A year on and the industry has learned how to be opportunistic about the right films for theatrical. “There is a theatrical market out there, 100%,” he says. “This past year we’ve seen a lot of things work, and a lot not work and it’s not like consumers have forgotten how to go to a movie theatre. Theatrical distributors have got savvier and learned to play around with windows and engage with their markets in different pockets of opportunity. The streamers’ business have evolved as they’ve got a lot more focused about their subscribers and know what they like.”

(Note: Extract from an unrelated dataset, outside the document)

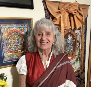 She meets Lama Tsultrim Allione in 1991 and subsequently goes on pilgrimage with her to several power places around the world learning Dakini and Chöd practices. Robin assists Lama Tsultrim in numerous retreats over the last 33 years. She recently completes the 10-year Gateway Program: Dzinpa Rangdröl (Self Liberation of Clinging). Robin also helped found the Bay Area Tara Mandala Sangha in 1992.

So as high inflation and lingering Covid protocols push up costs, and the prospect of a summer writers strike looms over Hollywood and threatens the supply line, will theatrical buyers scramble to stock up? Not necessarily.
“A lot of times the urgency is for buyers who desperately need product,” notes Feig. “A lot of buyers have become more educated about what works for them. You will have a lot of buyers who may want things but there aren’t as many buyers who need things.”
Oliver Wheeler of Range Select, which represents worldwide sales on Sebastian Silva’s Premieres entry Rotting In The Sun and Laura Gabbert’s food industry documentary Food And Country in Premieres, is upbeat. “While we did ultimately become very successful in creating a robust and competitive marketplace when we were virtual,” he says, ”you can never fully recreate having buyers in the same room with an audience. That will have a very positive impact at the market.”